PDP: you are all to blame by Ayisha Osori

PDP: you are all to blame by Ayisha Osori

From May 29 2015, the People’s Democratic Party (PDP) will officially become the opposition party – for the first time since 1999. It would have lost the presidency, lost its control of the majority of the states (down to 13 from 21) and also lost control of the National Assembly. [Sweet.  About time too].

All the ranking members of the Peoples Democratic Party are to blame for what they consider as a loss but which many consider a win for Nigerians in the aftermath of the general elections. Unfortunately, instead of starting with the men and women in the mirror, they seem to think that pointing fingers and trading blame will do the trick. The PDP hierarchy is used to scapegoating and want the convenience of old habits to take the sting off the loss but unless there is real introspection and acceptance of what all the stakeholders did wrong they will be unable to come up with the right solutions.


Here is how they are all to blame and what they need to accept.

The first is that Nigerians wanted a change or a break from the usual way of doing things– and there was little that the entire PDP machinery could have done to stop the tide.

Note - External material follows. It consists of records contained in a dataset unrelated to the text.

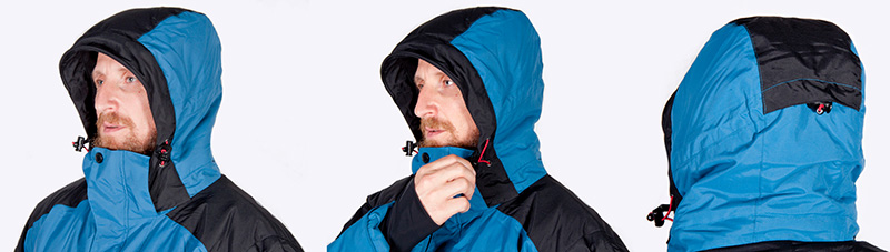 Куртка имеет высокий воротник и отстегивающийся капюшон. Капюшон куртки имеет анатомичный крой с флисовой подкладкой. Оснащен эластичными стяжками с фиксаторами для регулировки объема в двух плоскостях.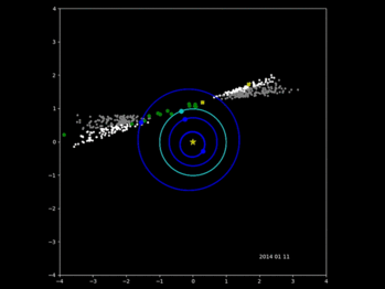 Comets usually have highly eccentric elliptical orbits, and they have a wide range of orbital periods, ranging from several years to potentially several millions of years. Short-period comets originate in the Kuiper belt or its associated scattered disc, which lie beyond the orbit of Neptune. Long-period comets are thought to originate in the Oort cloud, a spherical cloud of icy bodies extending from outside the Kuiper belt to halfway to the nearest star.[1] Long-period comets are set in motion towards the Sun by gravitational perturbations from passing stars and the galactic tide. Hyperbolic comets may pass once through the inner Solar System before being flung to interstellar space. The appearance of a comet is called an apparition.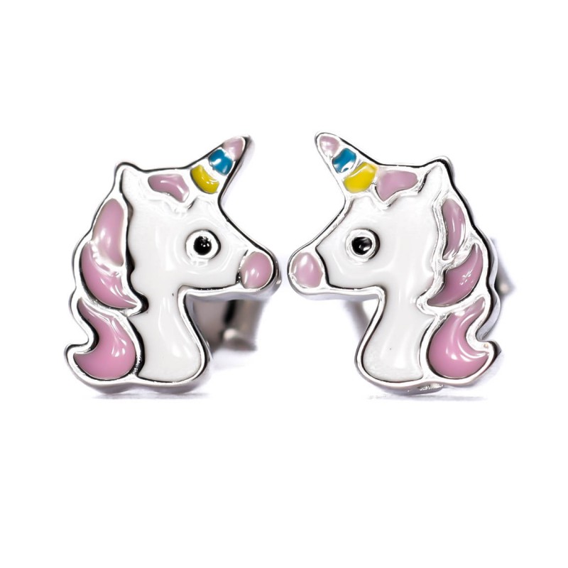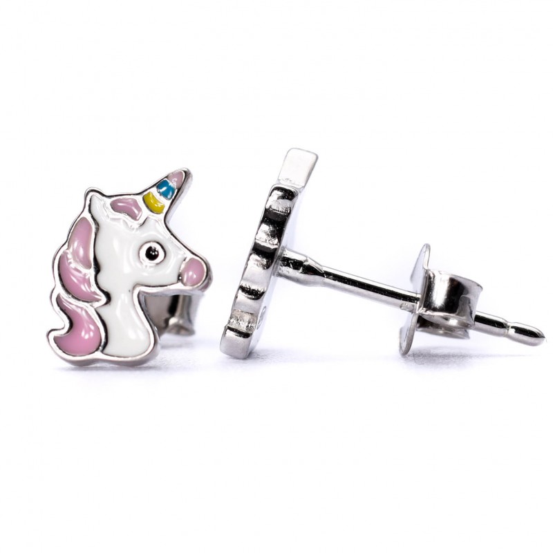 Srebrne kolczyki z motywem białego jednorożca z różową grzywą i tęczowym magicznym rogiem. Idealne dla każdej małej damy. Wykonane z lśniącego srebra próba 925. Fabrycznie nowe.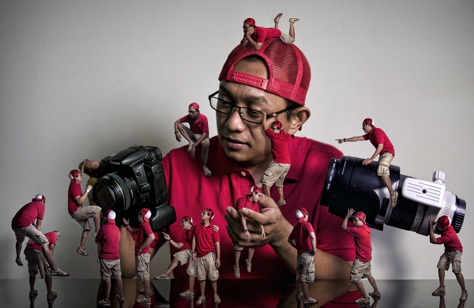 Then I took pictures of various poses according to the sketch. The number of pictures for each pose varied, and I took extra shots to have options when I later constructed the composition. I had to use my imagination regarding the poses of the Mini-Me's in the scene by visualizing the final image. Some shots were a bit tricky because I had to synchronize my pose with the self-timer as I jumped or moved.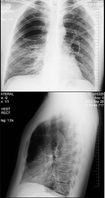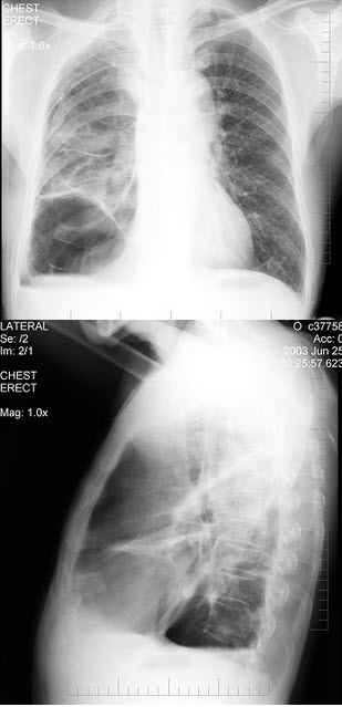 患者48岁,男性,常感胸闷气逼,近1个月渐加重,X线检查见图。最合适的诊断是()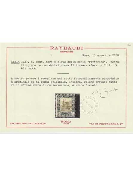 1927 LIBIA PITTORICA 50c. NERO E OLIVA N° 64 SENZA FILIGRANA MNH RAYBAUDI MF126527

All the signatures, all the ads and all the money misdirected into a few pockets did nothing to hide the fact that PDP had grown hard, complacent, increasingly out of touch with members of the party and Nigerians in general and even disdainful of the wishes of the people. Those calling the shots thought it would be business as usual and they could use the same playbook they had used for 16 years to get their way. If the National Working Committee was cognizant of these issues, they would not have allowed the primaries to run the way they did.

The PDP governors are also to blame. There are two categories of governors. There are the ones who did their best to ensure PDP won in their states. But the people hate and fear them because they ruled with heavy fists, amassed (and spent) so much collective wealth, took one of only 3 senate seats and imposed their own successors. Then there are the ones who knew that there was no way PDP could win in the presidency in their states and so they barely campaigned for President Jonathan and only succeeded in a few cases to impose their candidates or return for a second term. Some even tried to impose their relations as successors despite open resistance; so bountiful was their disdain for the people. As Ndoma-Egba put it: “The party (at the national level) suborns its constitution, guidelines and even court orders to please the whims and fancies of governors who appropriate the will of members and impose theirs in its stead.”

The National Working Committee, chaired by former governor Adamu Muazu – a.k.a. ‘Game Changer’ also played a role in the defeat of the PDP. During the primaries, they were like emperors, strutting around, dictating and commanding, leaving unhappy part members in their wake and ensuring their poor public perception ranking remained unchanged. The decision to limit the delegates to just state executive committee members, ranking party members, elected officers and adhoc delegates made up of 3 members from each ward, made many party members unhappy – especially the ward chairmen. They managed to make some money from chaperoning the ad hoc delegates in their wards but they did not get the typical once in four years benefit of being delegates.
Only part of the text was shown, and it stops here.